The following are the resources utilised in genomics research:
• MapReduce: This programme facilitates the processing of enormous volumes of genomic data. The processing of genetic sequences can be done more quickly with MapReduce.
• SQL: SQL facilitates the computation of genomic data as well as the retrieval of such data from diverse databases.
• Galaxy: This graphical user interface-based programme is used for biomedical research. We can use Galaxy to do specific procedures for genome research.
• Bioconductor: Genetic data analysis is done using bioconductors.
Doctors can deliver the medication effectively if they are aware of how a patient’s DNA cells react to a specific medicament. They can develop efficient plans to treat a patient’s ailment thanks to the beneficial insights into the genetic structure.
Recognizing risks associated with the patient:
Data scientists can develop machine learning algorithms that incorporate factors like socioeconomic status, test results, and other personal data to produce results of a person’s health status. A scientist can resolve the issue of predicting stroke patterns using support vector machines. One of the key applications of data science in healthcare calls for a thorough examination of exploratory data as well as the usage of algorithms.

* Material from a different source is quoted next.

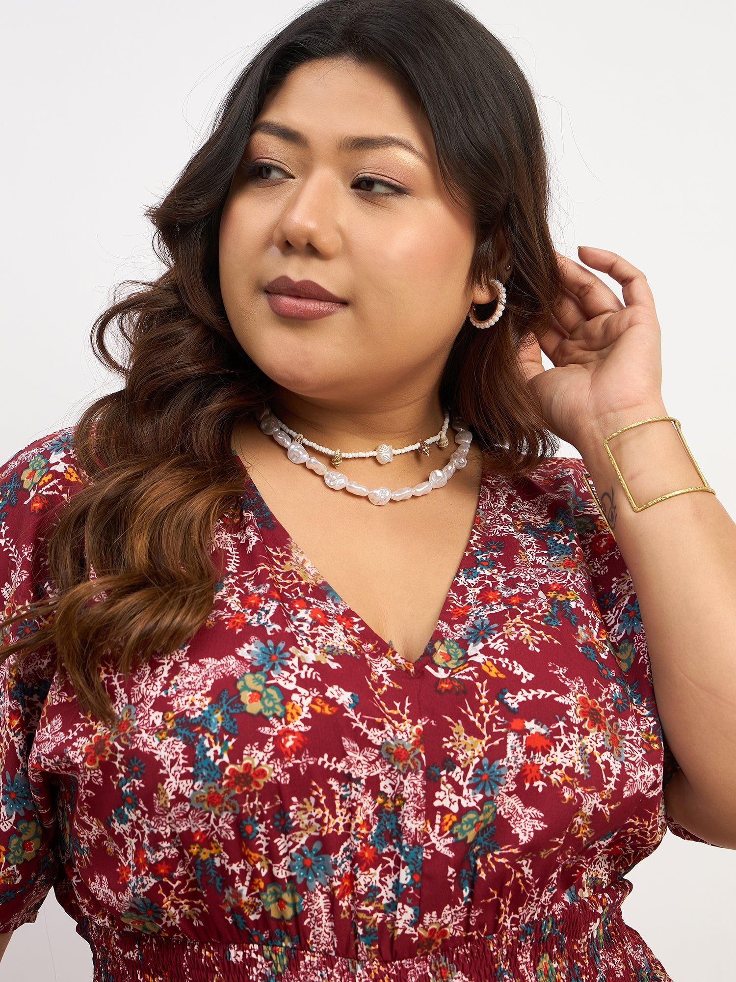 • Maroon colour tone with blue floral print presents a cinematic vibe from your look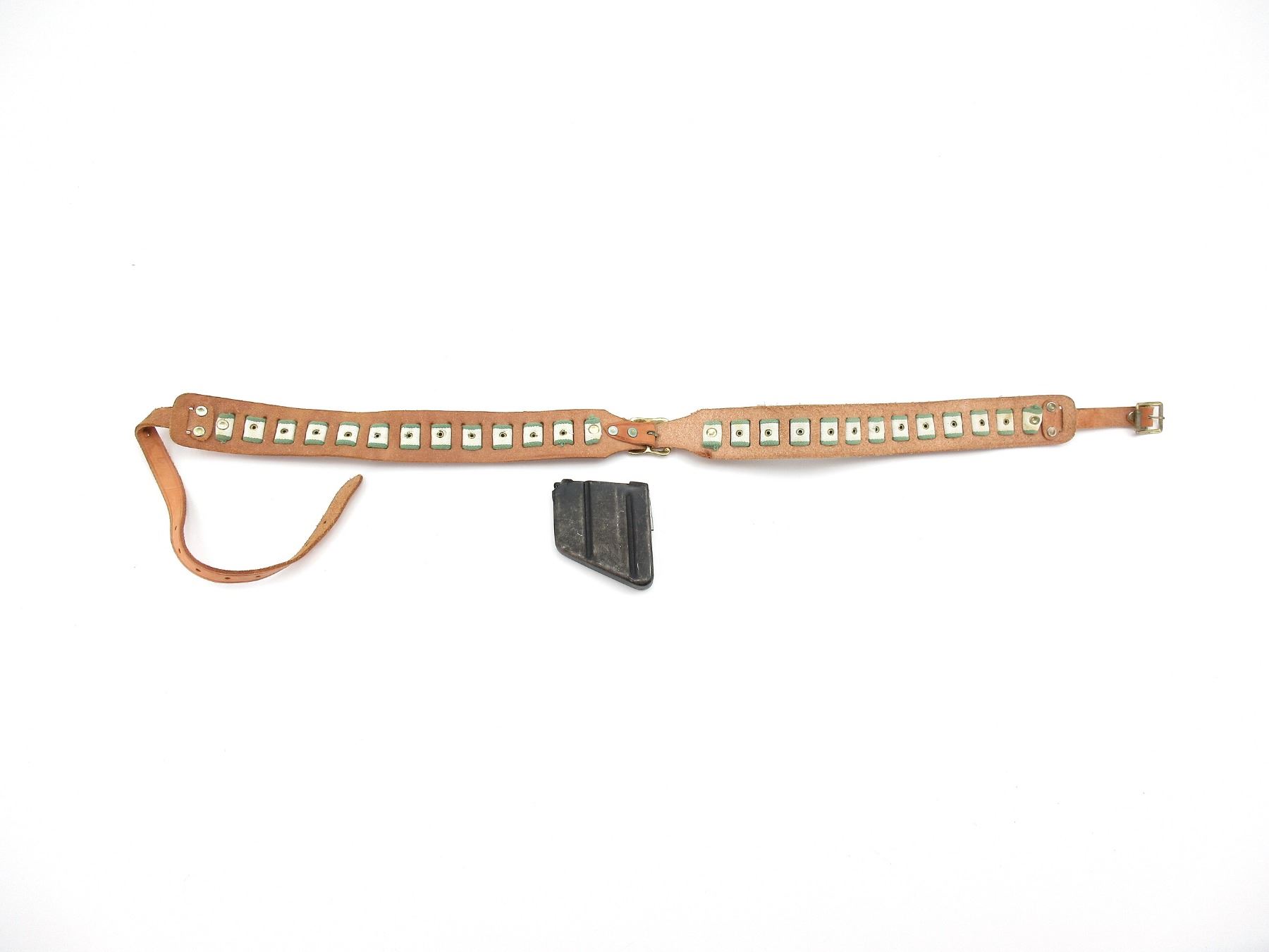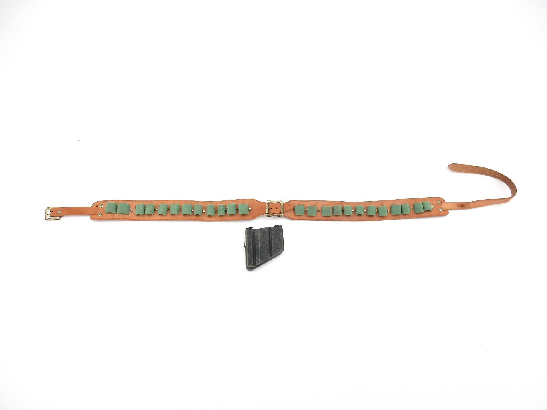 LOT INCLUDES; (1) RIFLE MAGAZINE, .303 BR, 10 ROUND MAG, BLUED STEEL CONSTRUCTION, UNCLEAR MARKING, (1) 12 GAUGE SHOTGUN BANDOLIER, BROWN LEATHER CONSTRUCTION, 24 NYLON LOOPS, HOLDS 12 GAUGE SHOTGUN SHELLS, ADJUSTABLE, OAL APPROX. 46". SEE PHOTOS. PAL REQUIRED.

Data science in healthcare has several advantages, some of which are given below:
• Less treatment failure thanks to precise predictions and recommendations: This is perhaps the most crucial application of data science in healthcare. When the data scientists gather a sizable amount of information about the patient’s medical history, the stored information can be used to recognise illness symptoms and make a precise diagnosis. Mortality rates have significantly decreased since treatment options may now be tailored and care is given with better knowledge.
• Creates a specific skill set: Accurate diagnosis-making abilities must be developed in order to deliver high-quality care. By using predictive analytics, one may identify which patients are more at danger and figure out how to act quickly to stop significant harm. Data science can be a solution for the enormous amount of data that needs to be managed with competence to prevent administrative errors.
• Reduces healthcare costs: Medical data scientists can utilise Electronic Health Records (EHRs) to discover patients’ health patterns and avoid needless hospitalisation or treatment, which lowers costs.
Future of Data Science in Healthcare:
Fundamentally, there are four things that are causing the healthcare sector to advance quickly:
• Technological progress
• Digitalization
• The need to shorten the length and expense of therapy
• The need to manage a big population
To get the intended result, data science has already begun tackling all of these. Since data science is already benefiting society, its use in the future will undoubtedly prove to be even more helpful. It will raise the bar for the healthcare sector. Patients will benefit from more individualised care and excellent therapies, while doctors will receive a lot of support.
To sum up, data science applications in the healthcare sector have the potential to improve the overall healthcare system.